- What you will do:
No pictures, please. Copy exactly the lines from the one with "Lanyard 100 Pack" through the final line below.

- Source data:

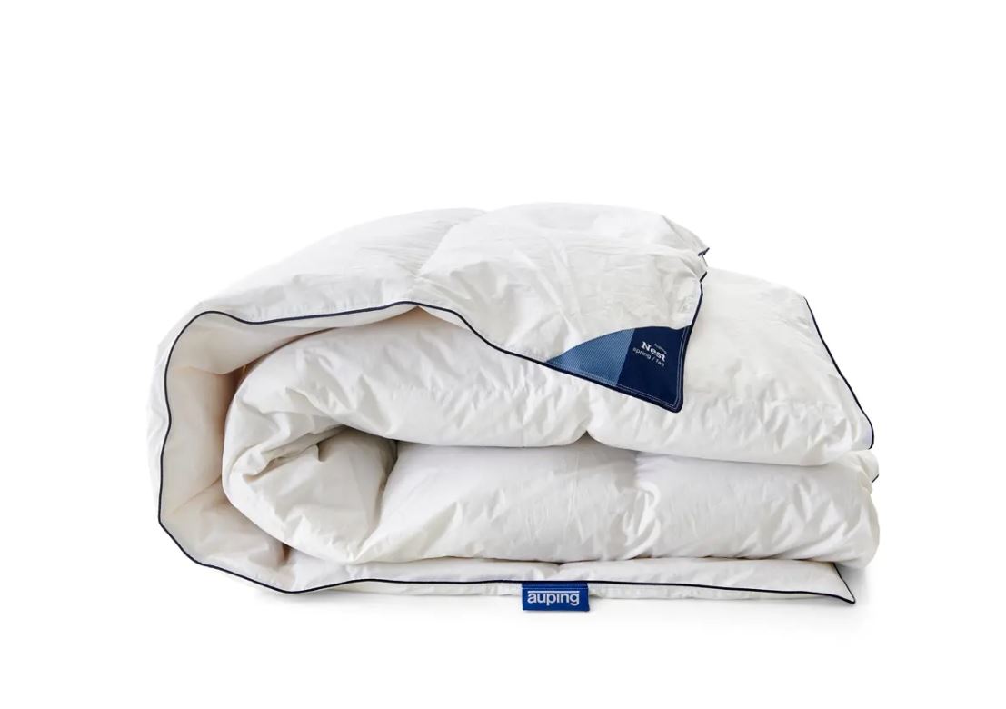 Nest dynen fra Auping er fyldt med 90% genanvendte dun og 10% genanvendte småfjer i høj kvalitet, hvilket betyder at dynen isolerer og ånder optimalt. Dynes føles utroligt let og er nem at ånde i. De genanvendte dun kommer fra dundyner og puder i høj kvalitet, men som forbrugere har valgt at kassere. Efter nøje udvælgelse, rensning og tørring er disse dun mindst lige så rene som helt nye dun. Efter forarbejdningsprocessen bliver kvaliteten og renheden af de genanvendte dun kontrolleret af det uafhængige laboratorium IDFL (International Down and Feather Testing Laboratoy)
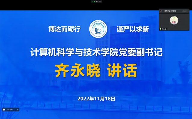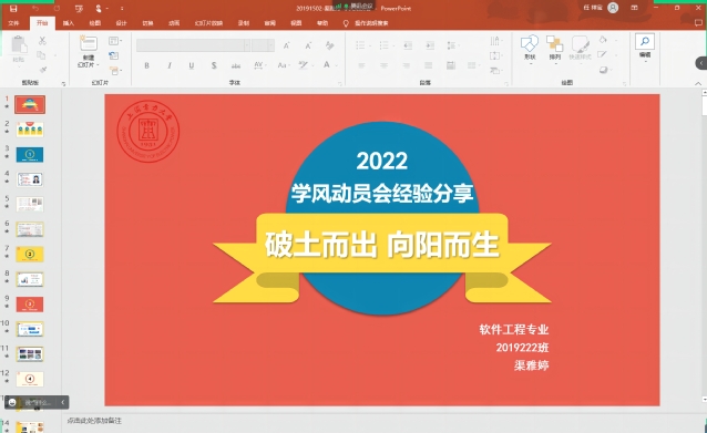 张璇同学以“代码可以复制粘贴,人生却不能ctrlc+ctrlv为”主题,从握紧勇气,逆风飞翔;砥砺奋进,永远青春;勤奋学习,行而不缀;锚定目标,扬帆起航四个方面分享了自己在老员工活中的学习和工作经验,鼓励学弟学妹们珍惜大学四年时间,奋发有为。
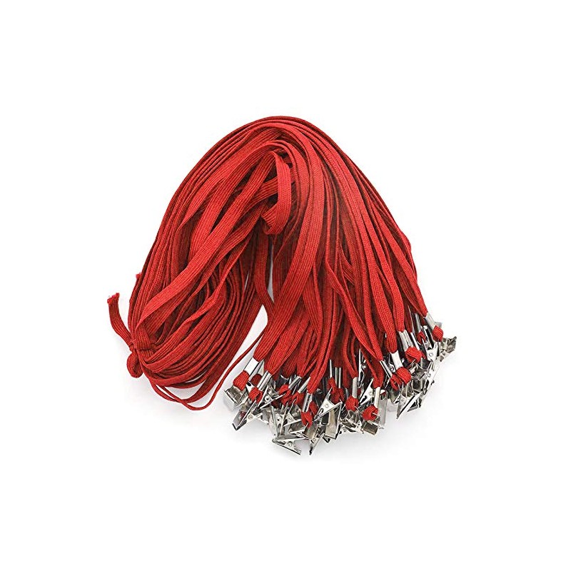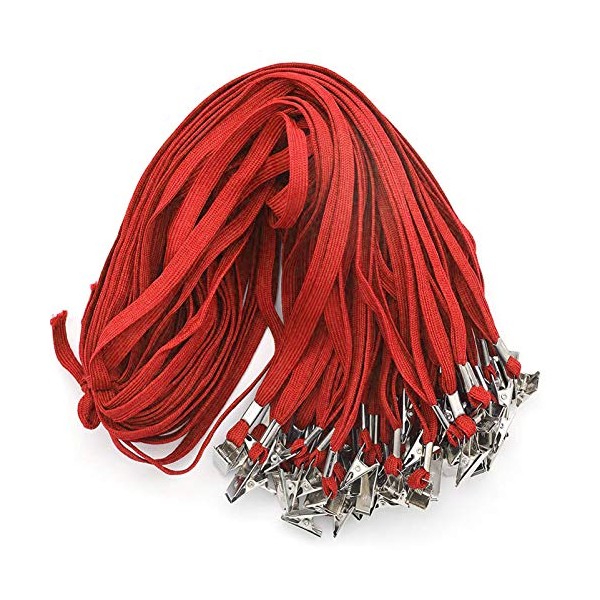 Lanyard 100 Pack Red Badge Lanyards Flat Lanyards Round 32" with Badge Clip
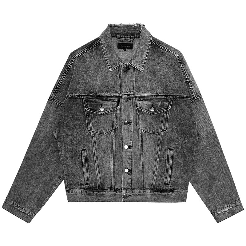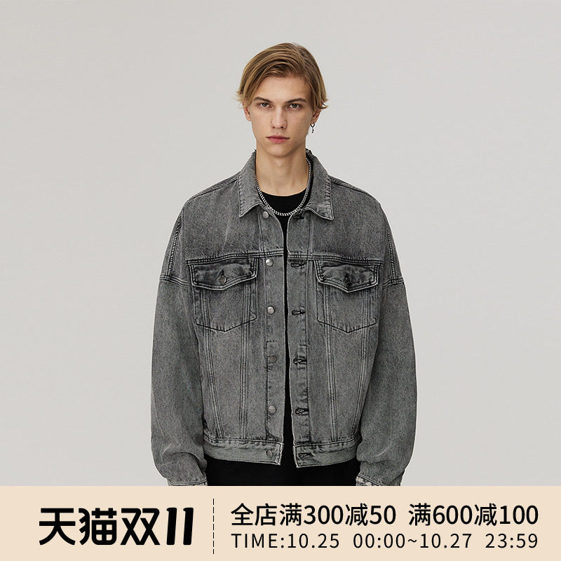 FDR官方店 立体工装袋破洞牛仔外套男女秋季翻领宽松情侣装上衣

- Answer for the task:
 Lanyard 100 Pack Red Badge Lanyards Flat Lanyards Round 32" with Badge Clip
 FDR官方店 立体工装袋破洞牛仔外套男女秋季翻领宽松情侣装上衣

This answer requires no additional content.